Karim, un jeune druze, a été emmené dans l’armée par la force alors qu’il se trouvait à Damas, où il a été arrêté lors d’un contrôle sur un barrage près de la capitale. Il s’est enfui et est retourné à Soueida. Il refuse, depuis, de sortir de sa ville. « J’ai été transféré dans une brigade située à Deir ez-Zor (Est). Mes supérieurs se comportaient d’une manière sectaire avec moi. Les officiers, de confession alaouite, nous disaient ouvertement que nous les druzes sommes des traîtres parce que nous refusons de nous battre pour notre pays. On nous infligeait un mauvais traitement, moi et trois autres conscrits de Soueida. Nous avons fini par soudoyer des officiers pour nous donner une autorisation de prendre quelques jours de vacances. Nous sommes alors retournés chez nous, et nous n’avons plus quitté la ville depuis », affirme-t-il.

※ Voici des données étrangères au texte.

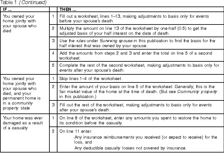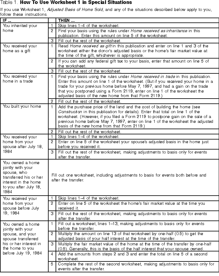 Table 1. How to Use the Adjusted Basis of Home Sold Worksheet in Special Situations
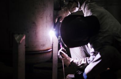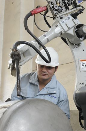 2臺松下焊接機器人,高脈沖焊接,無飛濺,自動化程度高,焊縫美觀
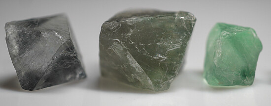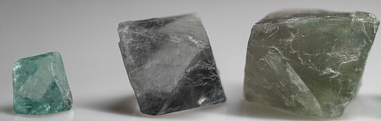 Five crystals of green Fluorite from China. These are cleavage octahedra to 2.2cm wide of varying shades of green, all nicely transparent.
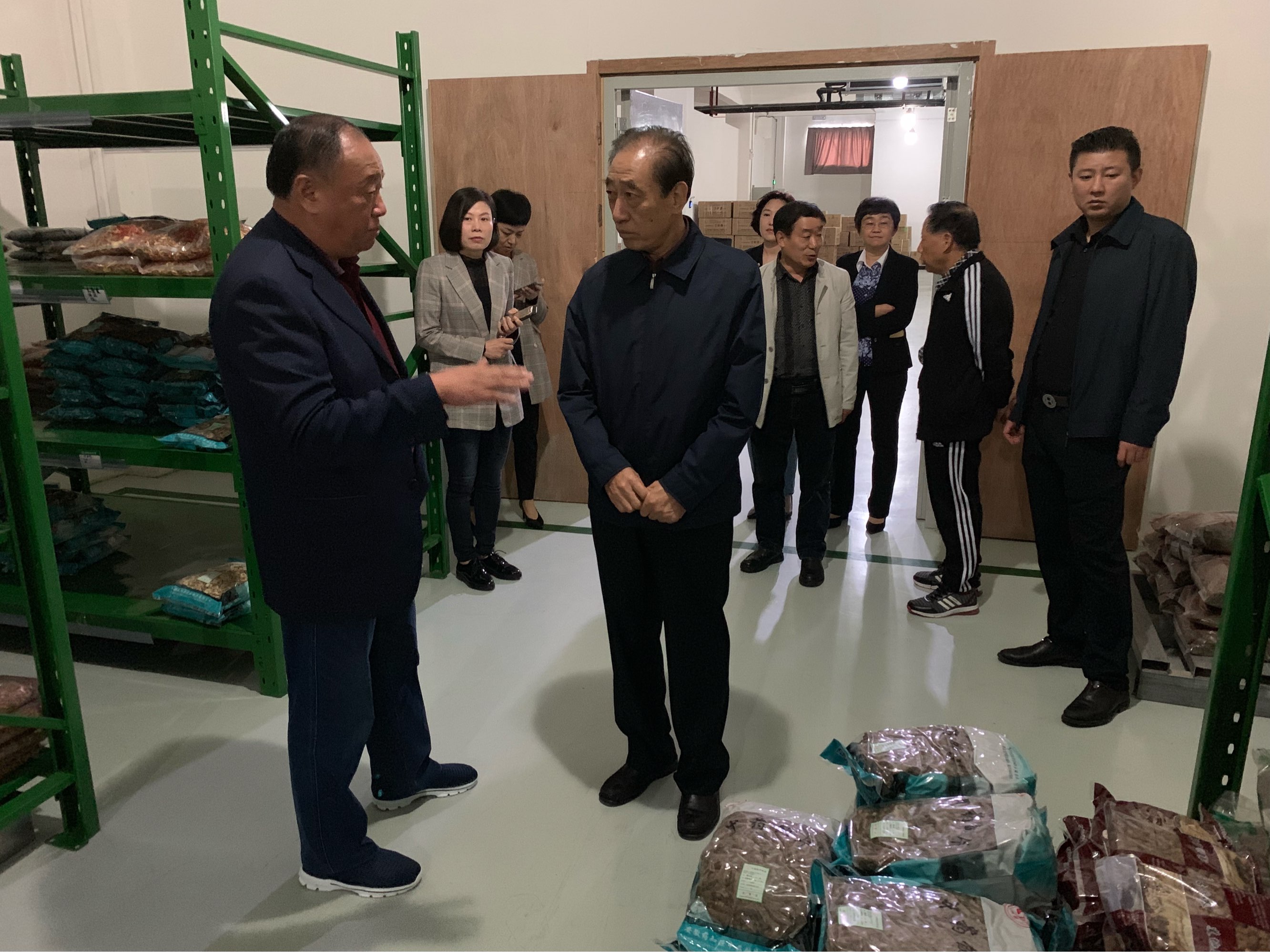 老領(lǐng)導(dǎo)楊愛光一行在江鴻方董事長陪同下,饒有興致地參觀了康寶藥業(yè)公司的庫房。

Les relations entre le gouvernement syrien et la région de Soueida ne sont pas au beau fixe depuis des années. Le 25 juillet 2018, l’EI a attaqué la province. À la suite de cette attaque, plus de 220 personnes ont été tuées, dont un grand nombre de femmes et d’enfants. Et l’armée du régime n’était pas intervenue pour protéger la région druze, laissée à son propre sort. Des factions militaires locales avaient pris la défense de la région, expulsant les jihadistes, alors que l’armée loyaliste s’était auparavant retirée de la zone qui avait été attaquée, sans avertissement. Cela avait facilité l’attaque de l’EI, et suscité l’amertume de la population contre le régime syrien. Mais il n’y a pas eu d’affrontement entre les druzes et le régime.

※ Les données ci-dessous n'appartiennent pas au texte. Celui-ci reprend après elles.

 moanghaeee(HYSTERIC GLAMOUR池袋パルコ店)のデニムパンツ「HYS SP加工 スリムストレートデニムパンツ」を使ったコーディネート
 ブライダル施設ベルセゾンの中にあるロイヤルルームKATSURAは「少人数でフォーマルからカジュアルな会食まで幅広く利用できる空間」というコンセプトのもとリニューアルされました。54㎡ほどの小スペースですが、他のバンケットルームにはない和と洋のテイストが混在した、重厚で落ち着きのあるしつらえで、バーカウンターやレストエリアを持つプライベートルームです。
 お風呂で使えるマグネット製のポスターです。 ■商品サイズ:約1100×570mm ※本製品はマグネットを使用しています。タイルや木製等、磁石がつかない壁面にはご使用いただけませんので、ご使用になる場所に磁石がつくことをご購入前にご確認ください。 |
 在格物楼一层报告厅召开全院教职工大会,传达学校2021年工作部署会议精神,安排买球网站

Parallèlement, les factions armées de la communauté druze de Soueida sont devenues de plus en plus puissantes, étendant leur contrôle sur la région et empêchant les abus commis par les services de sécurité. Yasser* est l’un des chefs d’une de ces factions druzes. Selon lui, « il y a quelques affrontements avec les services de sécurité de temps en temps, et cela ne nous pose aucun problème d’aller plus loin dans les combats si le régime décide de nous attaquer. Lorsque les manifestations ont commencé à Soueida, nous étions du côté des manifestants et avons envoyé un message au régime que nous sommes prêts à répondre s’ils sont attaqués ».



Quitter Soueida
Il faut dire qu’historiquement, Soueida n’a jamais bénéficié des faveurs du régime. Depuis 1970 et l’accession au pouvoir de Hafez el-Assad, père de l’actuel président Bachar, et jusqu’à ce jour, il n’y a jamais eu dans la région de véritables plans de développement. Ni du secteur public ni du secteur privé. À l’exception de quelques projets qui se comptent sur les doigts d’une main. Ce qui a contribué à la migration de la jeunesse de la province vers d’autres pays (monarchies du Golfe, Venezuela et autres). Le déclenchement de la guerre, la crise économique d’une ampleur inédite et l’insécurité galopante dans la région, tout cela a contribué à une augmentation du nombre de départs, en particulier vers l’Europe et le Canada, d’une manière légale en présentant des visas aux ambassades, ou bien d’une manière illégale à travers la mer, pour fuir la pauvreté et le chômage.

« Depuis le début de la crise, nous nous efforçons de rester dans notre pays, mais en raison du manque d’opportunités d’emploi à Soueida, de nombreux jeunes se sont tournés vers l’étranger, en Europe, au Canada ou en Turquie, pour s’offrir une nouvelle vie », explique Mazen el-Ismi, un jeune de la région, fraîchement diplômé. Et de poursuivre : « Le niveau de chômage ici est très élevé et les possibilités de trouver un emploi sont rares. La majorité des familles de Soueida dépend des rentrées financières transférées par leurs enfants expatriés à l’étranger. Personnellement, je ne peux plus supporter le coût de la vie et il est difficile pour moi de vivre dignement avec ma femme dans cette ville. Quitter Soueida pour une nouvelle vie à l’étranger est inévitable ».